Like Le Guen reminded of her own conditions in the cave through the sounds of a world occurring outside, Autobiography of Death explores how death is dependent on its proximity to living bodies, those which register the spaces—the gaps—that will be left when we leave this place. Neo-colonialism and global capitalism attempt to subvert this, rendering some bodies more forgettable than others—but no one is marginal to their own life. The speakers in Autobiography of Death remain dead yet alive, erased and yet continuing to exist. This is not transcendence, as each is kept alive by death. To transform is not to abolish, we are warned. The final lines of the final day—“Don’t: Day Forty-Nine”—wonder: “Don’t miss you just because you’re not you and I’m the one who’s really you / Don’t miss you as you write and write for forty-nine days with an inkless pen.” This might be what it means to speak in the silence of erasure, to protest through the dying language and yet have them remain secret, “inkless” and invisible.

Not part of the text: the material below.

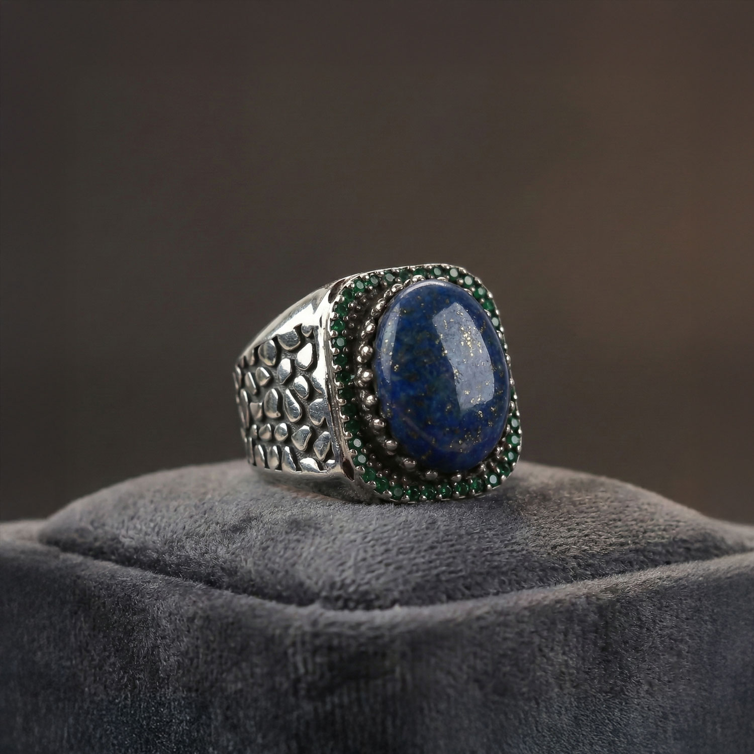 Orjinal Lapis Lazuli Taşlı Sertifikalı Zirkon Gümüş Yüzük

The collection ends with “Face of Rhythm,” a sixteen-page “follow-up” poem about individual pain, illness, and meditation; the “I” reappears here, but offers a “rhythm” that “isn’t a method of existence but a method of lack.” Reading “Face of Rhythm,” I’m reminded of a line from the poet Alejandra Pizarnik: “How I would have loved to see myself in some other night, beyond this madness of being two sides of the mirror.” Mirrors—“black mirror,” “mirrorwater,” “mercury mirror”—pile up in multitudes throughout the final poem and the forty-nine days preceding it. Although “Face of Rhythm” situates us on the other side of the mirror, its speakers have not transcended one side to reach the other. Rather, like the artist and author Unica Zürn who divided herself “into two halves” as a strategy for survival, a “twoness is forged,” one that echoes defiantly: “I’ve split in two but I’m alive.”

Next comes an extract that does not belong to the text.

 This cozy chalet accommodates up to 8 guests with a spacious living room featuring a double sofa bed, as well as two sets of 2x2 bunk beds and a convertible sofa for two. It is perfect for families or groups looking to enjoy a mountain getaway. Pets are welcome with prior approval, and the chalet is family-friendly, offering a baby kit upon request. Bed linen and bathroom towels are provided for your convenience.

“A common vocabulary is not necessary, and probably not desirable,” Lisa Robertson and Matthew Stadler write in Revolution: A Reader. I often think of something the poet C. D. Wright wrote: “There are so many approaches, so many innovative moves, so many oddly shaped ears in the field; may they never sing in unison.” In one of Choi’s own books, Hardly War, she repeats lines of Korean text, then, beneath the Hangul, writes in English, “I refuse to translate.” Translation is so often used as a tool of “integration”—of state-sponsored assimilation and standardization—to suppress the proliferation of ways of being, seeing, and feeling in favor of a dominant “universality” which only ever represents a select few. Poetry translations too often simply substitute one “stable” context for another. Choi’s translation work demands us to question what might be possible, what we might be able to see more clearly, if language inhabits the gaps between contexts—the hiding places in which Autobiography of Death’s own speakers reside. By refusing to substitute our own experiences and contexts in reading and reviewing for “objective” understanding that privileges critique over sensation, we reject the idea that a poem would be—feel—the same reading it aged twenty as reading it thirty years later. Their “aboutness” would differ.

Nothing appears from nowhere. For reading and reviewing—for my grandmother to be able to have left the life she could no longer live—subjectivity must give way to agency. “If it’s not all juxtaposition, she asked, what is the binding agent?” wrote the poet Forrest Gander. By allowing ourselves to discover and create connections and associations—to be the “binding agent,” present to that which surrounds us, whether it be a grandmother, the books we’re reading at the same time, snippets of conversation on the bus, or anything going on while everything else is—we permit poems to be altered by our looking. We too can then live within the gaps. But first we must look.